═══ DATA FOR THE TASK ═══
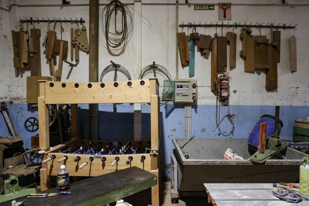 Un profesor inició una campaña entre los padres para encargar por 1.800 euros dos futbolines al último artesano de la Comunitat Valenciana
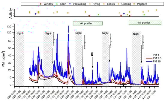 The PM concentration records obtained with the OPC-N3 are presented in Figure 4. The peak values observed during various activities are consistent with the PN readings presented in Figure 2 and Figure 3. However, some activities such as exercise and vacuuming were more distinctly reflected when PM10 records were considered. This shows that larger particles have pronounced input in mass concentration. They appear in the air due to resuspension when mechanical forces and air agitation occur [18,52].
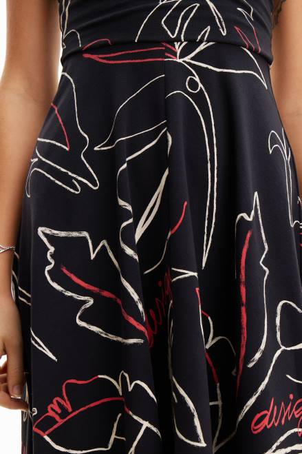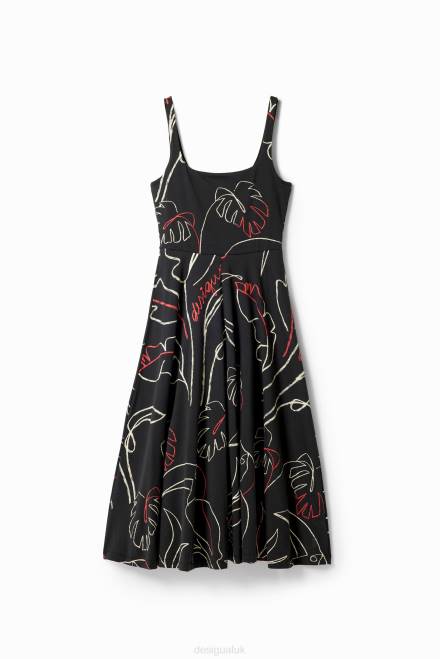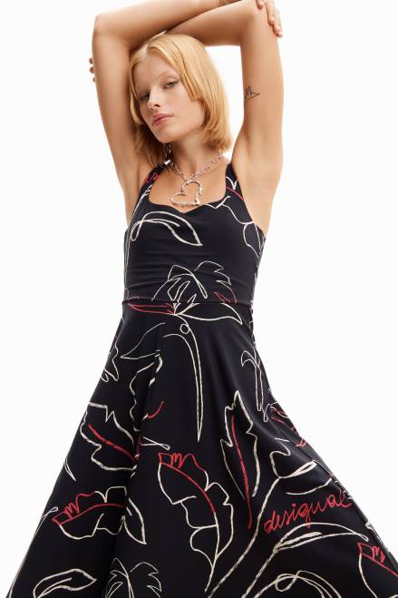 A midi dress with straps in stretch knit with an A-line skirt. Featuring an arty tropical print.
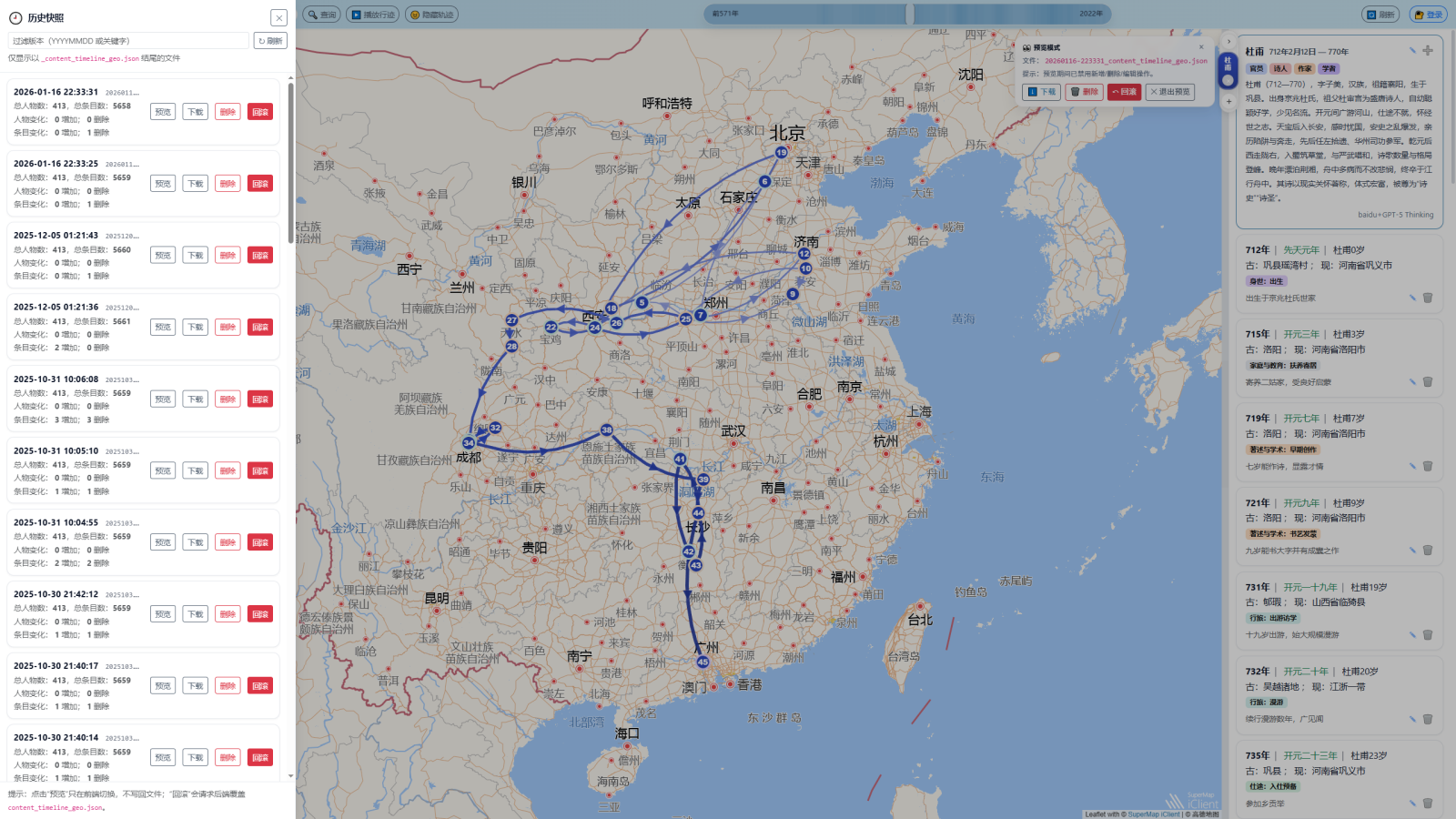 系统集成多源异构数据,以CBDB历史人物大数据库为基础,结合百科爬虫技术获取长尾人物资料,同时支持本地JSON导入与结构化编辑,实现400余位人物的轨迹还原与个性化补充。在地名处理方面,系统调用超图与高德地理编码API,实现地名标准化与坐标落地,为轨迹绘制与空间分析奠定数据基础。
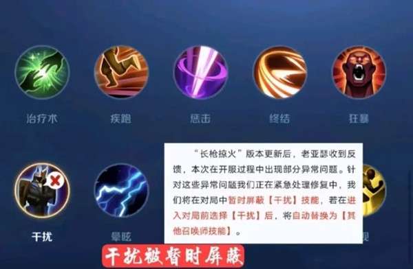 而官方的處理措施是先暫時屏蔽召喚師技能“干擾”,也就是說導致大規模BUG的“罪魁禍首”便是該技能,否則官方也不會將已進入遊戲玩家的“干擾”替換為其它技能。
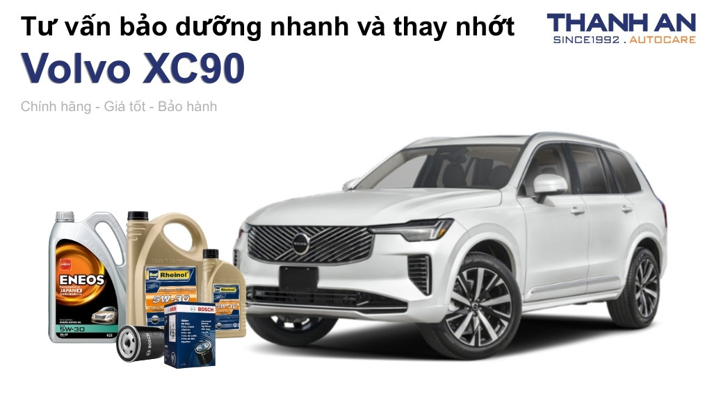Volvo XC90 được mệnh danh là mẫu SUV an toàn hàng đầu thế giới với khối động cơ Drive-E vận hành tinh tế và mạnh mẽ. Để duy trì hiệu suất đỉnh cao này, chủ xe cần thực hiện thay nhớt xe Volvo XC90 đúng định kỳ với các sản phẩm đạt chuẩn khắt khe từ nhà sản xuất. Hãy cùng Thanh An Autocare tìm hiểu giải pháp chăm sóc động cơ toàn diện giúp xế sang của bạn luôn bền bỉ theo thời gian.
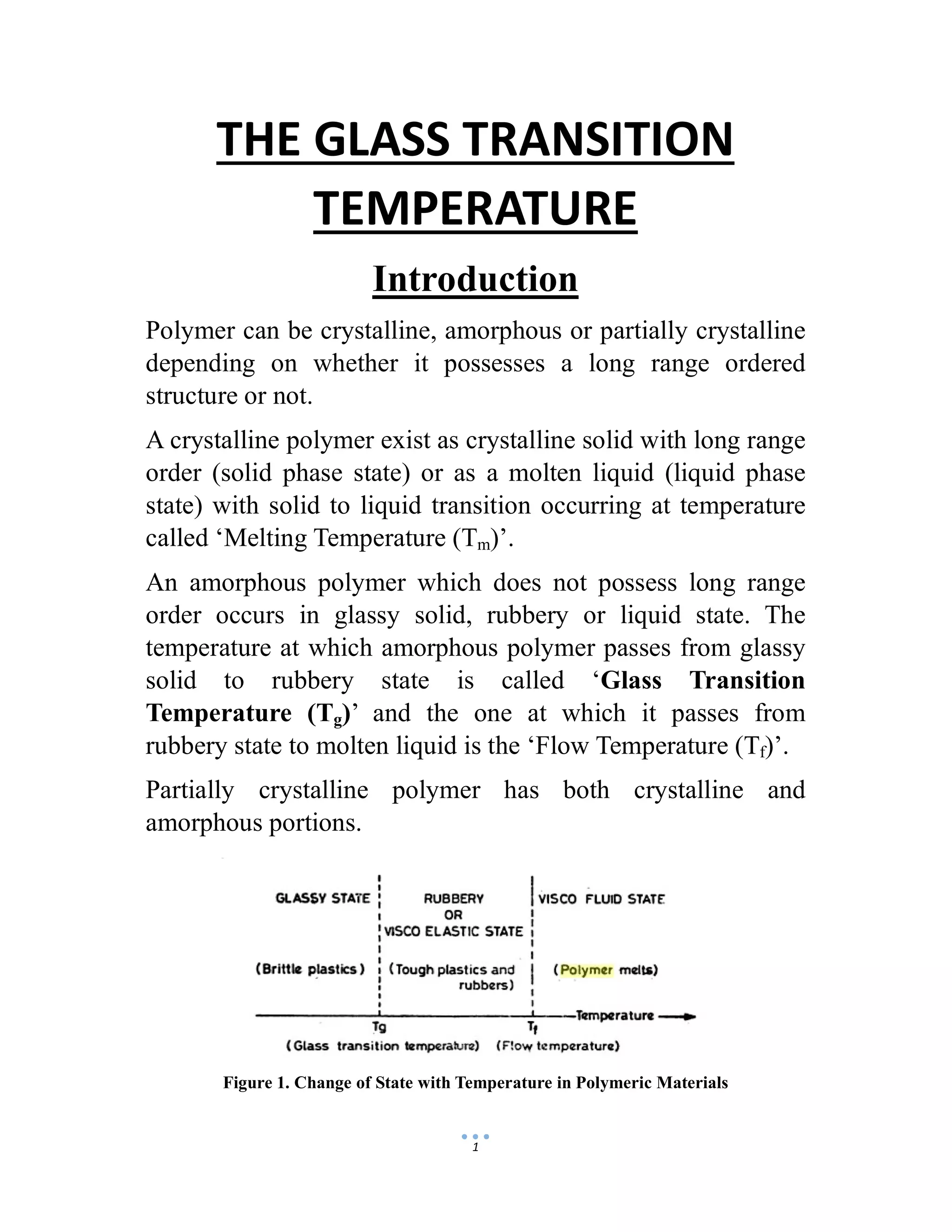 The document discusses the glass transition temperature (Tg) of polymers. Tg is the temperature at which an amorphous polymer transitions from a brittle, glassy state to a rubbery, flexible state. It depends on factors like the polymer's chemical structure, molecular weight, and presence of plasticizers. Knowing the Tg is important as it indicates the physical state of the polymer and suitable processing conditions. It also provides information about the polymer's flexibility and how it will respond to mechanical stresses.
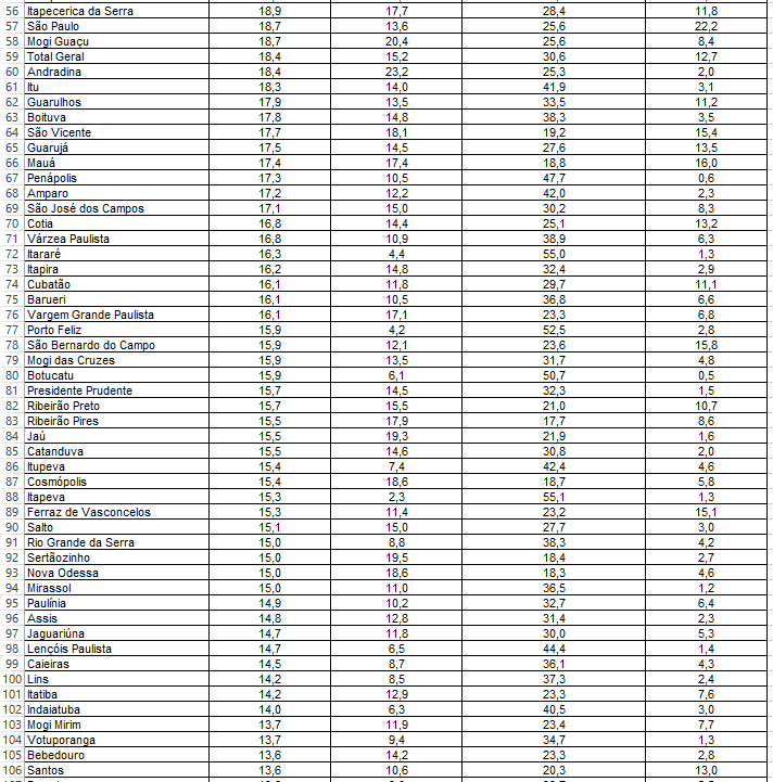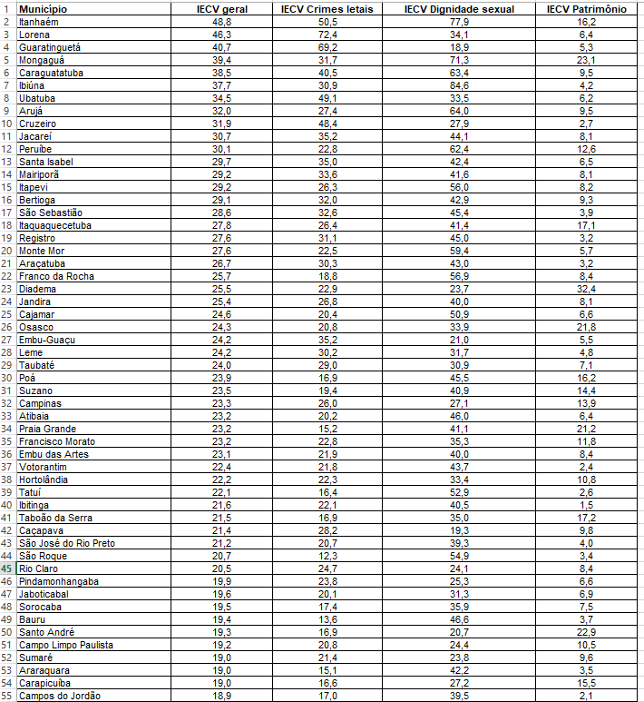De acordo com a edição mais recente, referente ao ano de 2018, e divulgada pelo jornal O Estado de S. Paulo, o município mais violento no Estado é Itanhaém, na Baixada Santista. O município menos exposto a crimes violentos é Vinhedo, na região de Campinas. Há 20 meses a cidade não registra um homicídio.
═══
> EXERCISE DIRECTIONS
Looking above, find the stretch of lines that opens with the one holding "The PM concentration" and closes with the one holding "系统集成多源异构数据,以CB". Copy it exactly, pictures excluded.

> WRITTEN SOLUTION
 The PM concentration records obtained with the OPC-N3 are presented in Figure 4. The peak values observed during various activities are consistent with the PN readings presented in Figure 2 and Figure 3. However, some activities such as exercise and vacuuming were more distinctly reflected when PM10 records were considered. This shows that larger particles have pronounced input in mass concentration. They appear in the air due to resuspension when mechanical forces and air agitation occur [18,52].
 A midi dress with straps in stretch knit with an A-line skirt. Featuring an arty tropical print.
 系统集成多源异构数据,以CBDB历史人物大数据库为基础,结合百科爬虫技术获取长尾人物资料,同时支持本地JSON导入与结构化编辑,实现400余位人物的轨迹还原与个性化补充。在地名处理方面,系统调用超图与高德地理编码API,实现地名标准化与坐标落地,为轨迹绘制与空间分析奠定数据基础。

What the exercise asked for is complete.